Deezer says roughly 75,000 fully AI-generated tracks now land on its platform every day — about 44% of daily uploads, or more than 2 million a month. That is not just a content problem. It is an ingestion problem, a ranking problem, and increasingly a product architecture problem.
For streaming platforms, the shift is operationally significant. When nearly half of new uploads are machine-generated, the question is no longer whether AI music exists in the catalog. It is how quickly a service can identify it, label it, and route it through policy rules without degrading discovery for legitimate artists or adding friction to the upload path. Deezer’s own numbers show how quickly the composition of incoming content has changed: the company said the daily volume of fully AI-generated uploads has risen from roughly 10,000 a day a year ago to about 75,000 now.
At the center of Deezer’s response is a patented AI-detection tool that the company says can identify music generated by models including Suno and Udio. Deezer has also said it plans to license the detector to other players in the industry, which makes the system more than an internal moderation layer. It starts to look like infrastructure: a specialized classification service wrapped into the platform’s governance stack and potentially sold as a product.
That matters because the mechanics of detection now directly affect what users hear. Deezer says flagged AI-generated tracks are removed from recommendations. In practice, that means the classifier is not only tagging content for metadata or compliance; it is changing the exposure model. A track that makes it into upload storage but is excluded from recommendation surfaces is effectively being treated as second-class inventory, with lower distribution potential even before any listener behavior is considered.
Deezer has also pointed to the quality of engagement around these tracks. Of the streams AI-generated songs do receive on the platform, the company says 85% come from bots. That detail is important for product teams because it ties detection to another control plane: fraud and traffic integrity. If a large share of consumption is automated, then recommendation systems, royalty accounting, and performance analytics all become harder to trust. The platform is not merely filtering content; it is defending its measurement stack.
The strategic implication is that detection is becoming a moat. A platform that can reliably classify AI-generated audio at upload time can enforce policy faster, protect recommendation quality, and preserve some confidence in engagement metrics. If that same capability can be licensed, it may also create a new revenue line or at least a standards-setting position inside the wider music ecosystem. In that scenario, ownership of the detector becomes as consequential as ownership of the catalog.
There is also a broader product-roadmap question hiding underneath the numbers. Once AI-generated uploads are arriving at this scale, moderation can no longer be an afterthought bolted onto ingestion. It has to sit in the upload pipeline itself, with model coverage, confidence thresholds, exception handling, appeals, and metadata policy treated as first-class features. The tighter the system becomes, the more it will shape product decisions around creator onboarding, search ranking, recommendation eligibility, and how much explanatory context a platform owes to artists and listeners.

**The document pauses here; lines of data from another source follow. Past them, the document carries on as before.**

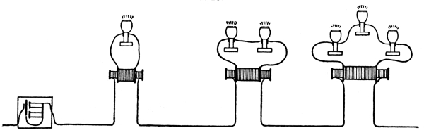 It was, therefore, in the year 1885 that the problem of current distribution by means of transformers was solved in a truly practical manner. The ideas which led the inventors to this thoroughly successful solution were then so unknown to practical and theoretical electricians, that it was long ere they were understood and appreciated. Even in February, 1886, such an electrician as Prof. Forbes maintained in his Cantor Lectures that the parallel connection of transformers was quite impracticable. He believed, namely, that a connection such as shown in Fig. 29 was useless, because the difference of potential at the generator diminished from the machine outwards, but that a connection such as shown in Fig. 30 must be used. According to [56] him, in a direct system of distribution each lamp should have a separate lead, and having regard to the great number of leads which would thus be necessary, he concluded that the series method of connection was the right one. One would suppose that Prof. Forbes was not aware of the weighty disadvantages of this method. However, that was not the case. He proposed, that with series connection the strength of current should be kept constant, and that each transformer should have an especial regulating apparatus—the raising or lowering of the core; which, by the way, is an arrangement impracticable in a well designed transformer. Such a regulating apparatus has lately been made automatic.
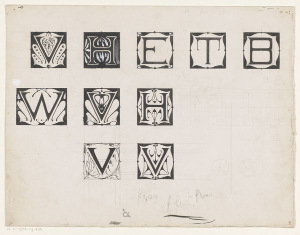 Editor: Here we have "De letters van het alfabet, waarvan enige versierd zijn met ranken," or "The letters of the alphabet, some of which are decorated with tendrils" by Antoon Derkinderen, created between 1869 and 1925, rendered in pencil on paper. It has the look of a study, with letters carefully sketched out, some adorned with delicate foliage. It makes me wonder if it's a page from a sketchbook used to design a typeface. What can you tell us about it? Curator: This work speaks volumes about the artistic climate of the late 19th and early 20th centuries. The Arts and Crafts movement was in full swing, advocating for a return to handcrafted artistry in response to industrialization. This alphabet study reflects that ethos. Editor: How so? Curator: Consider the time period. There was increasing alienation and exploitation caused by industrial labor models. Artists saw beauty in craftsmanship. The attention to detail and the inclusion of organic, hand-drawn embellishments… These elements elevate what could have been a simple exercise in typography to a celebration of artisanal skill. Derkinderen's focus on integrating nature within these constructed forms ties it to a larger socio-political stance. The politics of the image here celebrate an anti-establishment worldview through design. Do you see the connection? Editor: Yes, I think so. The careful hand lettering is in itself a statement about valuing the handmade. The delicate details bring to mind illuminated manuscripts, harking back to pre-industrial modes of creation. Curator: Exactly! It highlights a nostalgia and cultural commentary. These public displays celebrated craft skills as political stances against mechanized reproduction. Editor: It's fascinating to consider this as more than just a simple sketchbook page. I never thought of typography as something that could carry social and political meaning. Curator: Art often exists within a wider cultural framework, and this piece invites us to consider the social role and intention behind its creation.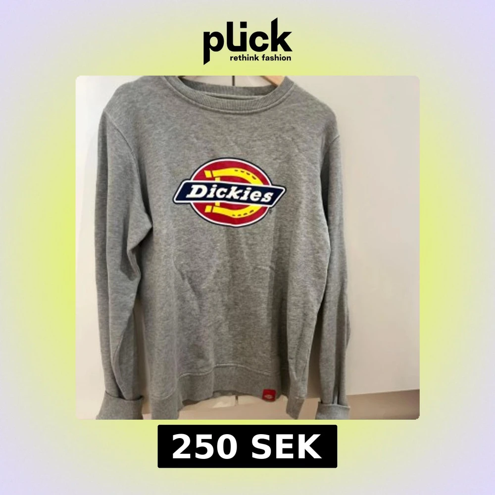 Säljer en grå sweatshirt från Dickies i 100% bomull. Tröjan har klassisk Dickies-logga i rött, gult och blått framtill, rund hals och långa ärmar. Perfekt för dig som gillar streetwear och enkel stil.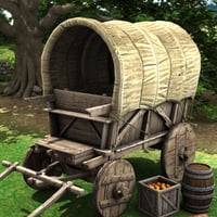 The medieval wagon comes with 4 different wagon types: a prison cage, a covered and uncovered transport and a full merchants wagon with 12 separate props. The set also comes with a bridle and harness for the DAZ Horse 2.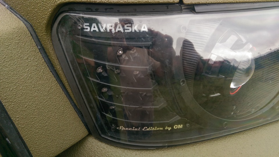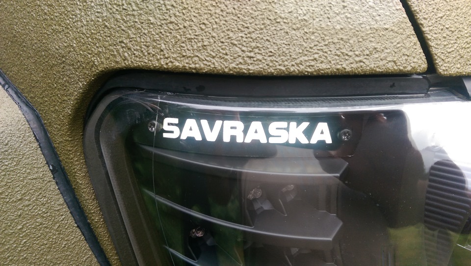 и полностью черные маски внутри, Серега сделал мне именные габариты в виде светящегося шильдика savraska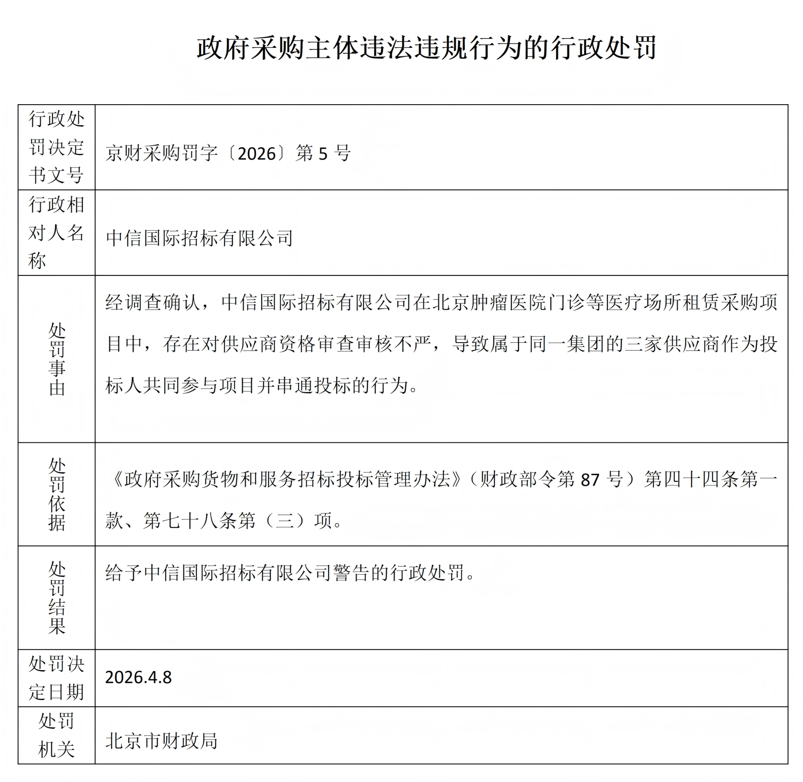 北京市财政局关于中信国际招标有限公司的行政处罚决定书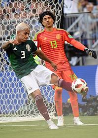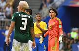 Чемпионат мира по футболу в России FIFA 2018. 1/8 финала. Матч между сборными командами Бразилии и Мексики на стадионе "Самара Арена". Игрок сборной Мексики Карлос Сальседо (слева) и вратарь сборной Бразилии Гильермо Очоа (справа) во время матча.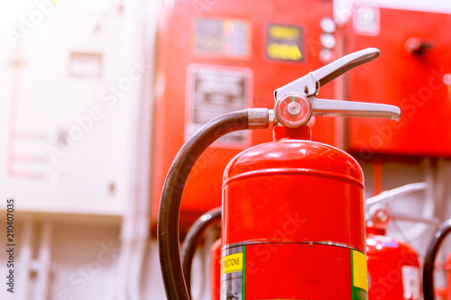 Red tank of fire extinguisher Overview of a powerful industrial fire extinguishing system.

That is where the governance risk enters. Detection systems are only as good as their coverage, and AI music generation is moving fast enough that model-to-model gaps are inevitable. False negatives would allow synthetic content to bypass policy. False positives could suppress legitimate work or mislabel human-made tracks. Either failure mode can erode trust if the platform cannot explain its decisions or keep pace with new generators.
The arms race is likely to continue because the underlying incentives are not aligned. Generative models get better at producing plausible audio, while platforms get more pressure to keep catalogs organized, recommendations relevant, and metrics clean. The result is a technical contest over classification, labeling, and enforcement — one that may matter as much to streaming strategy as the music itself.
For product and tooling teams, the next signals to watch are straightforward: whether more platforms adopt upload-time detection, whether Deezer’s licensing approach turns into a broader commercial market for AI-music classifiers, and whether industry policy starts to converge on shared metadata and labeling standards. Deezer’s numbers suggest the issue is already inside the core platform stack. The question now is which companies build the best control systems around it — and which ones end up reacting to uploads after the fact.